Dans la pratique chamanique, la notion de temps et d’espace n’existe pas, c’est pourquoi il est possible d’aller chercher la partie d’âme en retrait, quelles que soient l’époque et les circonstances qui ont créé la coupure intérieure. La partie en souffrance peut alors être restaurée, apaisée, et reprendre sa juste place. Le recouvrement d’âme permet ainsi de retrouver son intégrité originelle et ses ressources intérieures.
En quoi est-ce que le recouvrement d’âme te semble propice à une collaboration avec la médecine moderne?
La question du coma m’interpelle. La personne reste-t-elle dans le coma car son esprit est bloqué dans un autre espace, et à ce titre, le chamane peut-il aller le chercher pour l’aider à revenir? Si le retour dans le corps dépend de la personne qui est dans le coma, entrer en contact avec la part d’elle qui s’est extraite peut être bénéfique pour elle comme pour les proches.
Je m’intéresse aussi aux soins post-chirurgicaux de greffe d’organe. La question de la «mémoire cellulaire» reste controversée dans les milieux médicaux classiques : elle se pose pourtant. Pour moi, lorsque l’âme s’incarne, elle investit tout le corps qu’elle vient habiter : chaque cellule, chaque organe. Chaque expérience de vie s’imprime dans ce corps. Du coup, que se passe-t-il avec la part inscrite dans les organes enlevés/remplacés/donnés?
Certains départements de recherches universitaires aux Etats Unis ont enquêté et collecté des témoignages intéressant de personnes ayant bénéficié de greffes du cœur et qui avaient depuis des flashs ou comportements liés à la personnalité ou à la mort du donneur.
Il me semble que le chamanisme est approprié pour permettre à ces parts de retourner à leur juste place, en toute simplicité, grâce aux techniques d’extraction/restauration d’énergies et de fragments d’âme qui lui sont propres, afin que l’intégration de l’organe reçu n’implique pas de « porter une partie de l’histoire d’un autre ».
N’est-ce pas utopique d’imaginer une telle collaboration ?

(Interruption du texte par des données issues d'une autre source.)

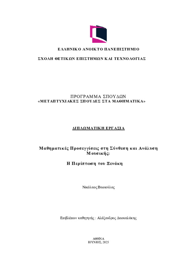 Περίληψη (Abstract): Η παρούσα διπλωματική εργασία εξετάζει τις μαθηματικές προσεγγίσεις στη σύνθεση και ανάλυση της μουσικής, με κεντρικό άξονα το έργο του Ιάννη Ξενάκη. Αρχικά παρουσιάζεται η ιστορική σύνδεση των μαθηματικών με τη μουσική, από την αρχαιότητα έως τον 20ό αιώνα, αναδεικνύοντας το θεωρητικό υπόβαθρο που καθιστά εφικτή τη μαθηματικοποίηση της σύνθεσης. Στη συνέχεια, αναλύονται βασικά εργαλεία όπως η θεω...

Les milieux hospitaliers accueillent des coupeurs de feu et commencent à intégrer l’acupuncture et l’hypnose en anesthésie. Alors pourquoi pas un chamane en soin post-chirurgical de greffe d’organe ou en consultation dans un cas de coma prolongé? Il n’y a ni concurrence ni opposition ici, juste une complémentarité via des techniques qui prennent en compte d’autres dimensions.

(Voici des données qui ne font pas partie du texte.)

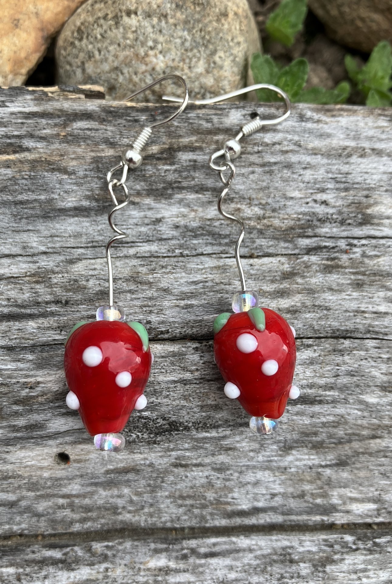 Lamp work strawberries glass beads fish hook earrings $15.00 $12.00 Only 1 available Quantity beautiful lamp work glass strawberrie beads on stainless wire fish hook earrings 2.00 inches plus the fishhook

Beaucoup de personnes s’intéressent aux visions chamaniques reçues grâce à des breuvages de plantes. Est-ce que tu utilises des plantes psychotropes, notamment de l’ayahuasca, lors de tes consultations et rituels ?

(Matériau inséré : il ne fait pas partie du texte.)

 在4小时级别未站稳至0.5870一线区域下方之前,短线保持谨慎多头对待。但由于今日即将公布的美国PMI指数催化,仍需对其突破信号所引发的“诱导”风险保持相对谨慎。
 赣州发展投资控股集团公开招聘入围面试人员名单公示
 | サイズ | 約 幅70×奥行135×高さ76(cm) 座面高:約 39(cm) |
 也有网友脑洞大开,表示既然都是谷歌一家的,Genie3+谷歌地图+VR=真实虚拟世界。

Les esprits de la nature ont une place importante dans le chamanisme. Pour autant, les plantes ne sont pas une « condition » au voyage. Les rituels avec prise d’ayahuasca viennent d’Amérique du Sud. Pour qu’un chamane propose ce type de rituel, il faut qu’une vraie rencontre ait eu lieu entre lui et l’esprit de la plante. La relation de respect et la capacité à recevoir les enseignements de l’esprit de la plante vont permettre au chamane de savoir comment et pour quoi l’utiliser et la proposer en soin et/ou rituel de manière responsable et sécurisée.
Personnellement, je ne pratique aucun soin/rituel qui implique l’ingestion de plante psychotrope, cela ne fait pas partie de la transmission que j’ai reçue et je n’ai pas été appelée par ce type d’expérience. La seule cérémonie à mon actif impliquant une ingestion de plante est celle du « Deva Cacao ». Ce rituel, qui vient de la civilisation maya, m’a permis de rencontrer l’esprit du cacao, plante qui ne génère ni hallucination ni dépendance. J’ai été saisie par sa puissance à la fois douce et solide et j’ai beaucoup reçu en sa présence.
Une expression chamanique universelle selon moi ? La musique. Elle peut accompagner la quête de vision, le rituel, le soin, le passage vers d’autres dimensions, que ce soit par le biais de percussions, de chants, de danse… Elle se pratique, se vit et se partage dans toutes les cultures, sous de nombreuses formes.